Corroborando a ideia de que a idade do solo acompanha o aumento da altitude, o EL28 foi o
solo coletado na cota altimétrica mais elevada de Ellsworth, em 959 m. Suas características
de alteração do substrato e grande acumulação de sal em superfície e em subsuperfície
reforçam a hipótese que esta superfície foi exposta pelo recuo da geleira local há mais
tempo que o restante dos solos.
Localização das Montanhas Ellsworth em diferentes contextos.
Descrição geral, localização e classificação dos perfis de solos da porção sul das Montanhas Ellsworth, Antártica Continental.
Características da pedregosidade superficial dos solos da porção sul das Montanhas Ellsworth, Antártica Continental.

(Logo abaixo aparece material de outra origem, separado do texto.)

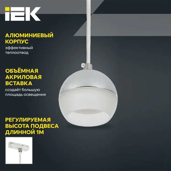 Светильник на подвесе спот акцентного освещения ламповый на шинопровод ИЭК 4119 под лампу с цоколем GX53 мощностью до 15 Вт, цвет хром LT-UCB0-4119-GX53-1-K23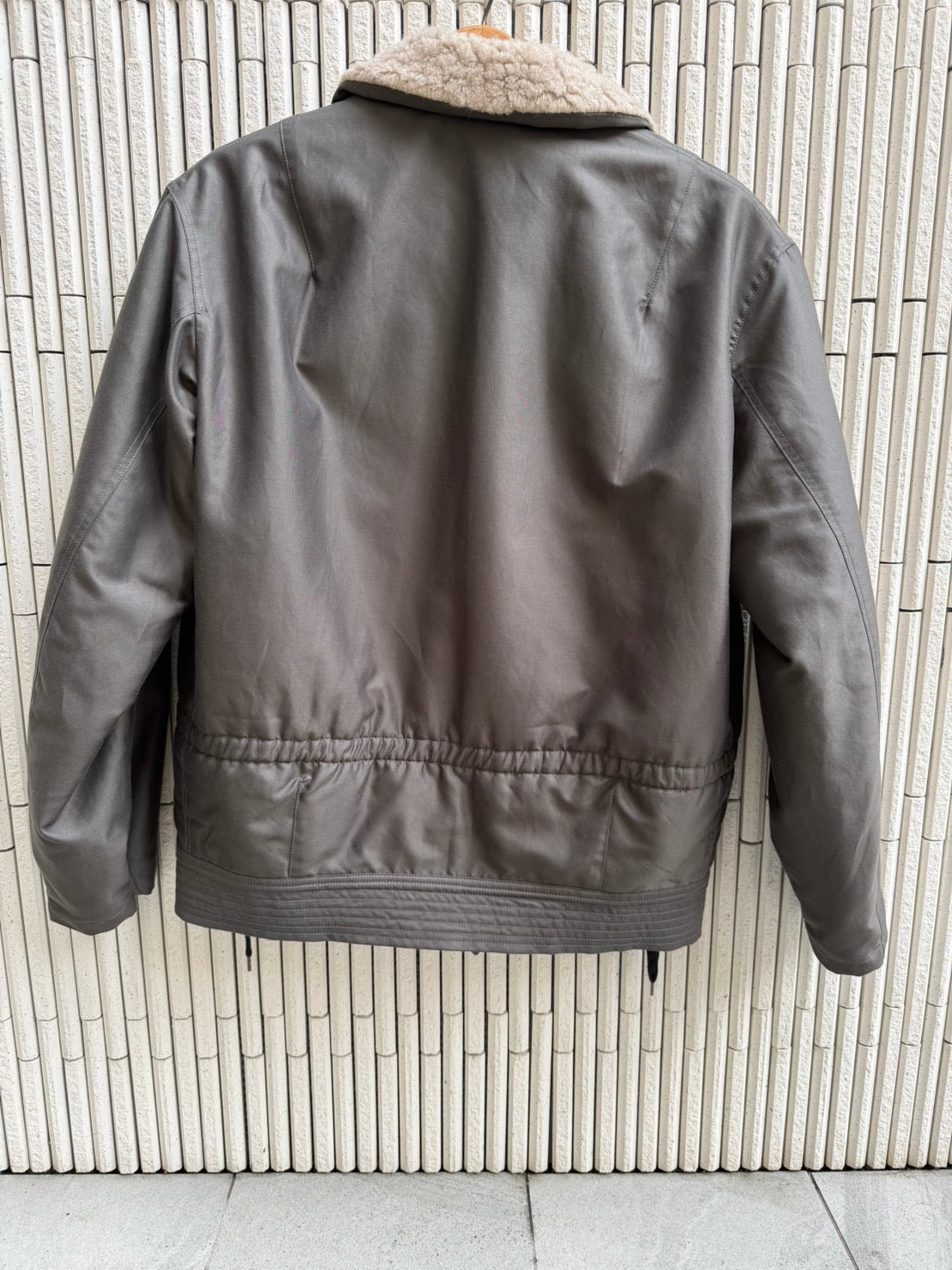 60年代のフランス軍フライトジャケットをベースにデザインしました。オリジナルのコットン生地やファスナーポジションなどから明らかにアメリカ空軍のB15シリーズを研究して作られた感がある1着である。古着のようなマッチョ感を極力薄め、着丈なども着やすく配慮いたしました。襟ボアはウールとヤクのミックスした素材を使用。結果、レギュラーサイジングで仕上がっております。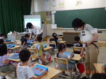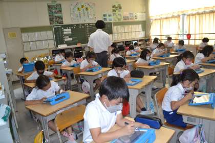 ICT支援員の先生に来ていただき、1〜3年生の子どもたちが授業での効果的な活用について教えていただきました。「スタディノート」を使い、基本的な入力方法や、互いの作品を見合ったりする方法を教えていただきましたので、今後、授業でもいろいろな場面で使っていきたいです。
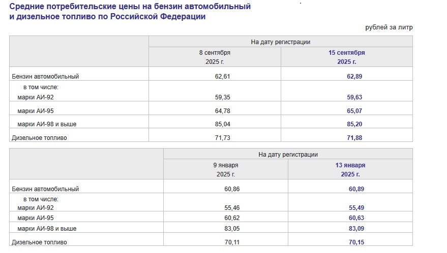 Впрочем, пока, по официальным данным Росстата, ситуация с топливом в пределах нормы (см. таблицу). Так, средняя стоимость бензина всех видов с начала года (9 января) к середине сентября (15 сентября) выросла с 60,86 до 62,89 рублей за литр. То есть всего на 3,3%. Дизтопливо и вовсе было 70,11 рублей, стало 71,88 – подорожало всего на 2,5%. Разве что 92-й и 95-й бензины показали чуть более высокую динамику.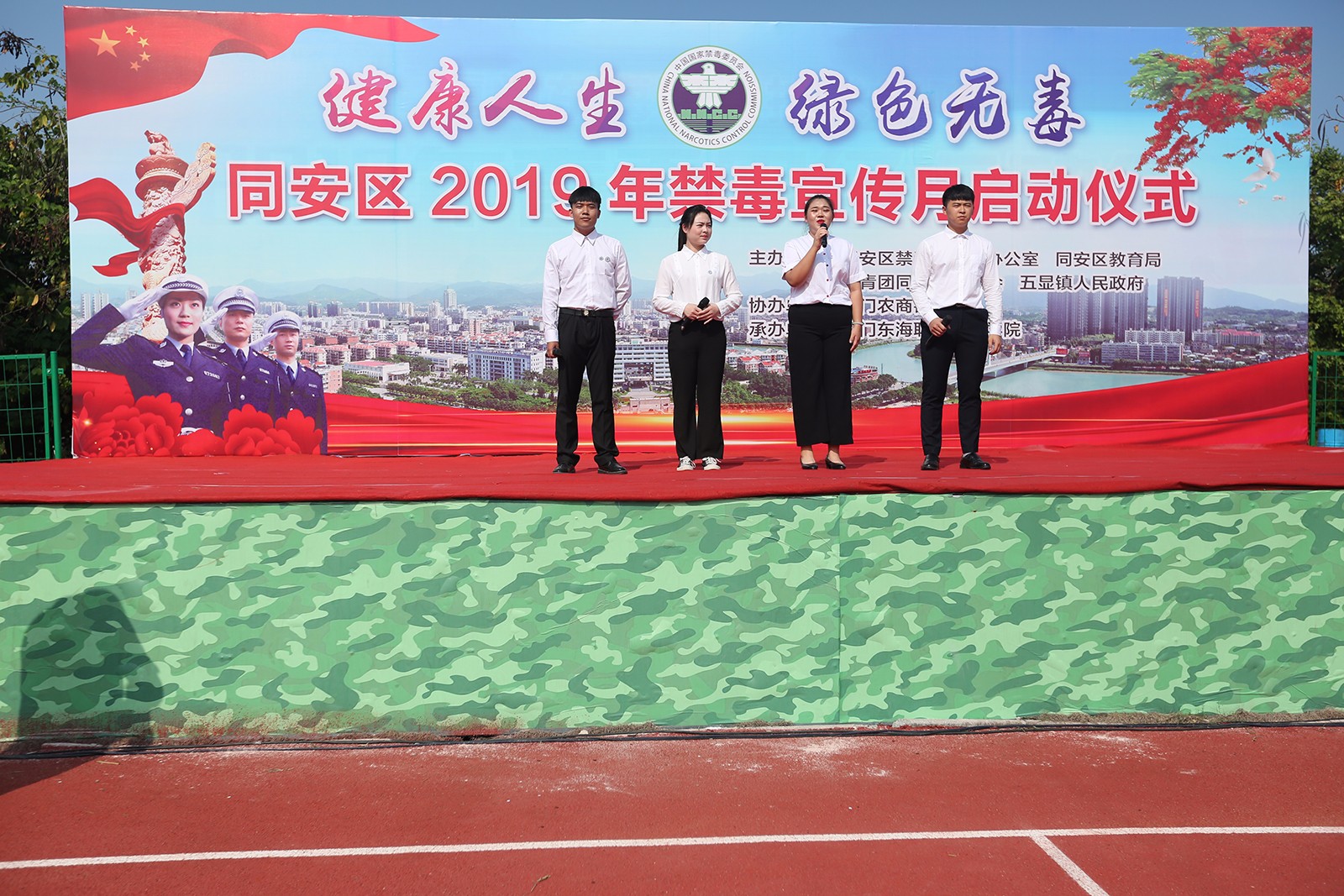 5月31日下午,由同安区禁毒委员会办公室、同安区教育局、共青团同安区委员会和五显镇政府联合主办,新葡的京集团350vip8888首页承办的“健康人生·绿色无毒”——同安区2019年禁毒宣传月启动仪式在新葡的京官网举行。厦门市禁毒办领导、同安区禁毒委员会各成员单位领导、同安区教育系统教师代表、五显镇部分干部、街道社区社工代表和新葡的京官网师生共1300余人参加了启动仪式。

Estágio morfogenético e composição química dos sais solúveis dos solos da porção sul das Montanhas Ellsworth, Antártica Continental.
Considerações Finais
A cronossequência de solos revelou que os solos da porção sul das Montanhas Ellsworth se enquadram nos estágios 2, 3 e 3,5 de intemperismo, condizente com a região climática na qual Ellsworth se encontra. Os solos mais desenvolvidos de Ellsworth estão localizados em cotas altimétricas mais elevados por se tratarem de superfícies mais antigas que estão expostas há mais tempo pela retração da geleira local. Solos dos estágios 2 e 3 de intemperismo mostraram pequena redução de tamanho e oxidação dos clastos componentes do pavimento pedregoso. Além disso, apresentaram menor acúmulo de sal em superfície e raras acumulações em subsuperfície. Por outro lado, o solo classificado no estágio de intemperismo 3,5 indicou maior grau de alteração do substrato, maior desenvolvimento de cores cromadas e maior acumulação de sal, que apresentou mobilidade para porções mais subsuperficiais do perfil. Quando comparados com solos desenvolvidos em outras regiões da Antártica, os solos de Ellsworth apresentam limitada evolução pedogenética, pois experimentam um contexto climático de frio extremo e umidade restrita. No entanto, mesmo atuando em taxas mais lentas, seus solos apresentam processos de intemperismo e pedogênese típicos de outras áreas periglaciais da Antártica, como a crioturbação, salinização e oxidação de sulfetos.